Nonetheless, the nature of a more commanding win over Scotland than the unconvincing win which started 2020 was a good way of bookending the year. It can fuel real belief within the squad that they are generating something positive and can be genuine contenders in the 2021 Six Nations with the probability of Tadhg Furlong, Dan Leavy and Garry Ringrose fit and healthy.

“I 100 per cent think that we believe anyway,” said Farrell. “Lads are gonna fall by the wayside over the tough schedule over the Christmas period etc, so I don’t think you’re ever going to have a full squad but any side would welcome the quality of Tadhg and Ringer etc, and there’s all sorts of other lads who are going to come back into the frame, fitness wise.

“But the learnings for the lads who have been in here, I mean how priceless has this period been for the likes of Andrew Porter? I thought he was outstanding today and I think the period of time which he has had to sit there as the number one tighthead has been absolutely priceless for him and for many others in a similar position to Andrew Porter.

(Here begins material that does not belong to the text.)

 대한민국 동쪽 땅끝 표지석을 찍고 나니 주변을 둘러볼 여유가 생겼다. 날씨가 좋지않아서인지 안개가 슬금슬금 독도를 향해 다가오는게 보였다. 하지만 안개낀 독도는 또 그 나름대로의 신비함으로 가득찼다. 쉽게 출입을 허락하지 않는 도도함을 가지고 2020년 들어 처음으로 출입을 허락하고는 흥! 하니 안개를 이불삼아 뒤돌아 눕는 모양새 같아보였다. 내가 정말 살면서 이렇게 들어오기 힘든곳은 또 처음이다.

“So I think it’s been a great period to grow the group in maturity regarding international experience, and there was always an eye on preparation for what’s going to be around the corner after Christmas regarding the Six Nations.”

As well as the further development of Porter and the emergence of Caelan Doris and Hugo Keenan, an eye-catching cameo by Eric O’Sullivan, the 11th debutant of the year, there’s also been a revival by the thirtysomethings.

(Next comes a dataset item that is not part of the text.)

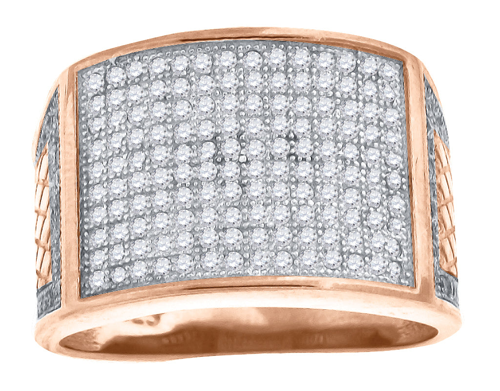 925 Sterling Silver Rose-Tone Mens Cubic Zirconia Rectangle Face Wide Band Engagement Ring

Johnny Sexton, Keith Earls, now Ireland’s second highest try scorer of all-time, and Cian Healy provided all the points until Ross Byrne’s late two penalties, while Peter O’Mahony and Conor Murray have responded superbly to being on the bench for two games apiece. Did that provoke a response?

“I don’t know. I suppose you’d have to ask them that,” said Farrell. “From my point of view, the only thing I would say is the type of men that they are, they’re team men – 100 per cent through and through.

Juggling act

“Their attitude that’s shown through not playing a few games is what has made us stronger as a group so they’ve added to the whole group and the feeling of the group through their demeanour as top-class internationals.”

Between now and the opening match in Cardiff against Wales a mere nine weeks away, there is the small matter of an entire, four-game pool campaign in Europe for the provinces – akin to a glorified knock-out tournament – sandwiching three rounds of provincial derbies.

That’s some juggling act for the provincial think tanks, and the message for the players before their well-earned dinner and a few beers on Saturday night?

“We already spoke about that,” said Farrell. “It’s obvious that competition for places is going to be huge over the next period of time because they’ve got to play against each other, they’ve European games, etc.

“But, at the same time, there will be a lot of reflection on what’s happened over the last eight weeks and on what we’ve started and what we need to do to make sure we don’t come back in for the Six Nations against Wales having to start again. There’ll be some reflection pieces along the way.”

And they’ll be that bit more positive now.